According to the U.S. Census Bureau, the county has a total area of 740 sqmi, of which 739 sqmi is land and 1.3 sqmi (0.2%) is water.

The county is very rugged and would be virtually inaccessible without roads. The lowest point of the county is around 6000 ft in elevation, but most of the county is rugged and mountainous. The county seat of Westcliffe is about 7800 ft and along with nearby town Silver Cliff lies in the Wet Mountain Valley which sits at the base of the Sangre de Cristo Mountains. The peaks of the Sangre de Cristo Mountains to the west reach heights in excess of 14000 ft with Crestone Peak being the highest at 14294 ft and 7th highest fourteener in Colorado.

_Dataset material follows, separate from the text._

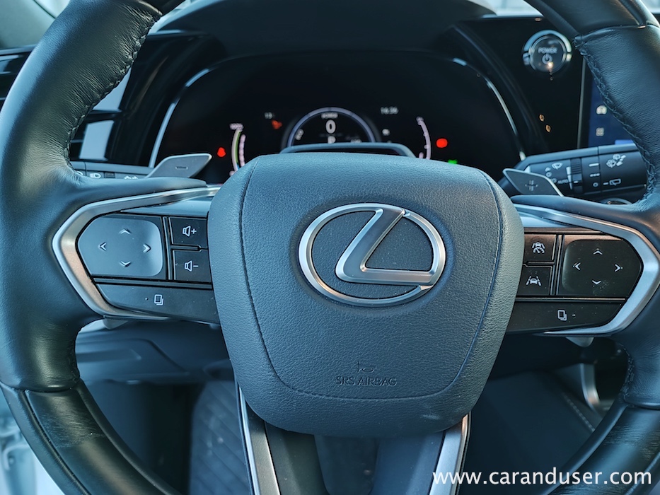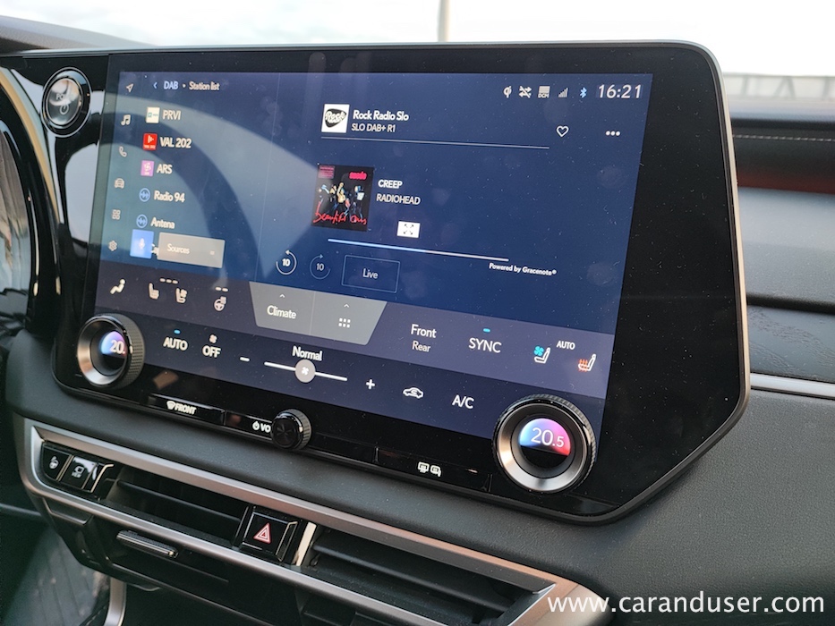Priključni hibrid združuje 2,5-litrski atmosferski agregat, e-motor in baterijo kapacitete 18,1 kWh. Sistemska moč znaša zmogljivih 306 KM, kar zajetnega RX-a do stotice ponese v okroglih sedmih sekundah, kljub temu pa je bolj kot agilnost v ospredju varčnost. Poraba je kakopak odvisna od deleža električne vožnje, ki je je zaradi skoraj 2,3 tone težkega SUV-ja in porabo 24 kWh/100km relativno potratna, a opazno zreducira srebanje bencina. Na 100 kilometrov dolgi relaciji sem s kar nekaj avtoceste beležil žejo v višini 5,7 litra, kar je osupljivo malo za tak družinski voz. Električna avtonomija v praksi znaša 50 kilometrov v mestu in deset manj na avtocesti, kar zadosti vsakdanji rabi – z izjemo dnevnih »medpokrajinskih« migrantov. Pri Luxury paketu boste prejeli tudi dva polnilna kabla in sicer tistega klasičnega za hišno vtičnico, ki bo baterijo nasitil najkasneje v devetih urah, ter hitrega za izmenično polnjenje z največ 6,6 kW, kolikor največ sprejme RX-ov priključek. Takrat bo baterija polna v dveh urah in pol, kar ustreza daljšemu poslovnemu kosilu recimo. Ok, brezalkoholnemu pivu ali kozarčku barika s kolegom tudi.
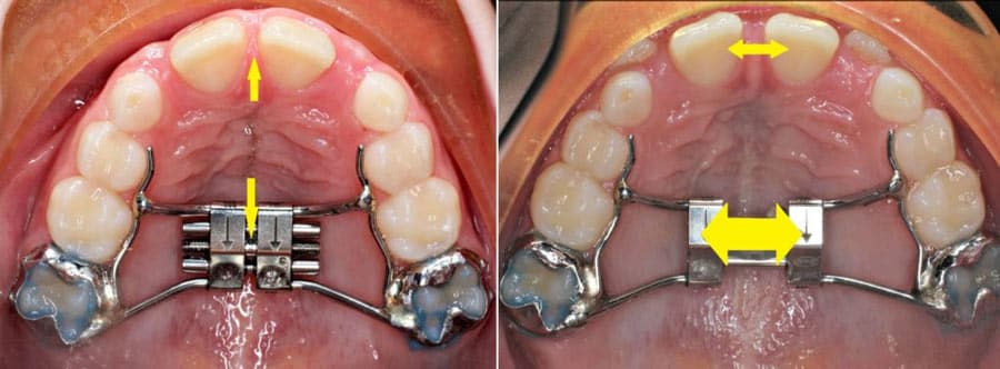 Palate/Maxillary Expansion: When your child’s upper jaw (maxilla) is too narrow in comparison with the lower jaw (mandible), it often leads to a crossbite, where the lower teeth sit outside the upper teeth. This can present on one side or both sides of the mouth. If left untreated, this can lead to jaw/facial asymmetry and severe crowding. A palate expander is a device that works best in younger children to help the deficient upper jaw expand, so that it will fit the lower jaw properly. Parents are instructed on how to turn/activate the expander daily. The turning typically lasts for about 1 month, followed by a 6 month holding period where the expander is not turned anymore. The expander is kept in to build stability. A significant space will appear between the top front teeth during proper expansion and is often beneficial to a crowded mouth. A limited/temporary set of top, front braces will often be placed for a few months after expansion, to close the gap created and to align the front teeth.

A large percentage of the county is National Forest land in the Sangre de Cristo Mountains on the west side and in the Wet Mountains on the east. The only lake of size is the DeWeese Reservoir in the north end of the Wet Mountain Valley.

===Adjacent counties===
- Fremont County - north
- Pueblo County - east
- Huerfano County - southeast
- Saguache County - west

===Major highways===
- State Highway 67
- State Highway 69
- State Highway 78
- State Highway 96
- State Highway 165

===National protected areas===
- San Isabel National Forest
- Sangre de Cristo Wilderness
- Frontier Pathways National Scenic and Historic Byway

===Bicycle trails===
- TransAmerica Trail Bicycle Route
- Western Express Bicycle Route

==Demographics==

Historical population
| Census | Pop. | Note | %± |
| 1880 | 8,080 |  | — |
| 1890 | 2,970 |  | −63.2% |
| 1900 | 2,937 |  | −1.1% |
| 1910 | 1,947 |  | −33.7% |
| 1920 | 2,172 |  | 11.6% |
| 1930 | 2,124 |  | −2.2% |
| 1940 | 2,270 |  | 6.9% |
| 1950 | 1,573 |  | −30.7% |
| 1960 | 1,305 |  | −17.0% |
| 1970 | 1,120 |  | −14.2% |
| 1980 | 1,528 |  | 36.4% |
| 1990 | 1,926 |  | 26.0% |
| 2000 | 3,503 |  | 81.9% |
| 2010 | 4,255 |  | 21.5% |
| 2020 | 4,704 |  | 10.6% |
| 2025 (est.) | 5,590 | Increase | 18.8% |
U.S. Decennial Census 1790-1960 1900-90 1990-2000 2010-20 2025

===2020 census===
As of the 2020 census, the county had a population of 4,704. Of the residents, 15.1% were under the age of 18 and 33.8% were 65 years of age or older; the median age was 58.3 years. For every 100 females there were 100.1 males, and for every 100 females age 18 and over there were 100.2 males. 0.0% of residents lived in urban areas and 100.0% lived in rural areas.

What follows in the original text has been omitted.